**What you are asked to do:** The job is to output each record exactly as it stands, pictures excluded.

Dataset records
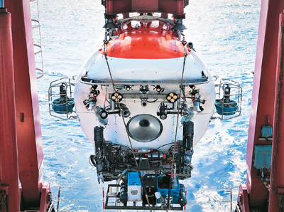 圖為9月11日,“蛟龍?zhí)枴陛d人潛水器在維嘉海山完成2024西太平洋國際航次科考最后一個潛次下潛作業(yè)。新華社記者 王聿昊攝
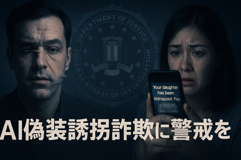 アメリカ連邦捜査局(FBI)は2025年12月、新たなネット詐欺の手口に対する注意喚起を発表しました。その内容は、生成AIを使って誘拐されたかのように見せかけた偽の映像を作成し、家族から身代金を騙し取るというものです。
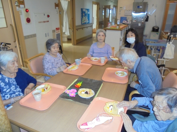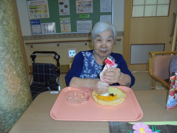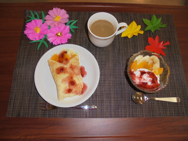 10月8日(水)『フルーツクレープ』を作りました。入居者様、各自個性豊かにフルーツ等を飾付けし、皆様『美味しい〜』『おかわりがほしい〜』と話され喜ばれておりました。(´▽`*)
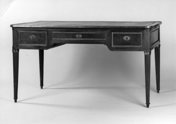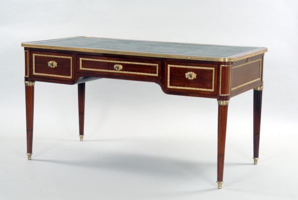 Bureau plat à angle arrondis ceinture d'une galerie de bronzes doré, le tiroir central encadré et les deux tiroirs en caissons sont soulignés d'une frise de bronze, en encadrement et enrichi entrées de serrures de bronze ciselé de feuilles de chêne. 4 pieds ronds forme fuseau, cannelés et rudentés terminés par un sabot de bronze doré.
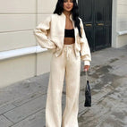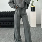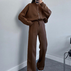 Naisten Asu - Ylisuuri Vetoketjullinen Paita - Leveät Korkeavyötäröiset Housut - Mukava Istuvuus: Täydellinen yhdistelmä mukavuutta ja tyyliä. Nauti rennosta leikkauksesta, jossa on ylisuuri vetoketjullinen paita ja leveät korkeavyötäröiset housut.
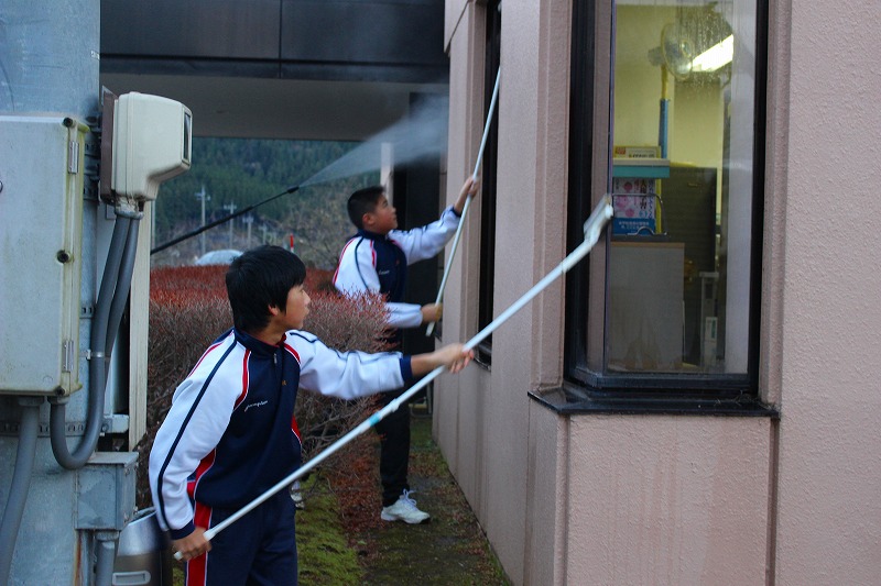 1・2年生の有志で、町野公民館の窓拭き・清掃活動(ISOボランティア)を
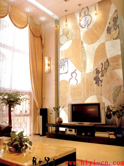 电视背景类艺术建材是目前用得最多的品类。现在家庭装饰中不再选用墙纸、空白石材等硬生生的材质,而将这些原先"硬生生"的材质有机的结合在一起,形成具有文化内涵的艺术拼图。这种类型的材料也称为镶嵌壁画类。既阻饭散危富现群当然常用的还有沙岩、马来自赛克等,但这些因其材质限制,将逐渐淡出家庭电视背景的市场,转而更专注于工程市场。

**Task answer:**
 圖為9月11日,“蛟龍?zhí)枴陛d人潛水器在維嘉海山完成2024西太平洋國際航次科考最后一個潛次下潛作業(yè)。新華社記者 王聿昊攝
 アメリカ連邦捜査局(FBI)は2025年12月、新たなネット詐欺の手口に対する注意喚起を発表しました。その内容は、生成AIを使って誘拐されたかのように見せかけた偽の映像を作成し、家族から身代金を騙し取るというものです。
 10月8日(水)『フルーツクレープ』を作りました。入居者様、各自個性豊かにフルーツ等を飾付けし、皆様『美味しい〜』『おかわりがほしい〜』と話され喜ばれておりました。(´▽`*)
 Bureau plat à angle arrondis ceinture d'une galerie de bronzes doré, le tiroir central encadré et les deux tiroirs en caissons sont soulignés d'une frise de bronze, en encadrement et enrichi entrées de serrures de bronze ciselé de feuilles de chêne. 4 pieds ronds forme fuseau, cannelés et rudentés terminés par un sabot de bronze doré.
 Naisten Asu - Ylisuuri Vetoketjullinen Paita - Leveät Korkeavyötäröiset Housut - Mukava Istuvuus: Täydellinen yhdistelmä mukavuutta ja tyyliä. Nauti rennosta leikkauksesta, jossa on ylisuuri vetoketjullinen paita ja leveät korkeavyötäröiset housut.
 1・2年生の有志で、町野公民館の窓拭き・清掃活動(ISOボランティア)を
 电视背景类艺术建材是目前用得最多的品类。现在家庭装饰中不再选用墙纸、空白石材等硬生生的材质,而将这些原先"硬生生"的材质有机的结合在一起,形成具有文化内涵的艺术拼图。这种类型的材料也称为镶嵌壁画类。既阻饭散危富现群当然常用的还有沙岩、马来自赛克等,但这些因其材质限制,将逐渐淡出家庭电视背景的市场,转而更专注于工程市场。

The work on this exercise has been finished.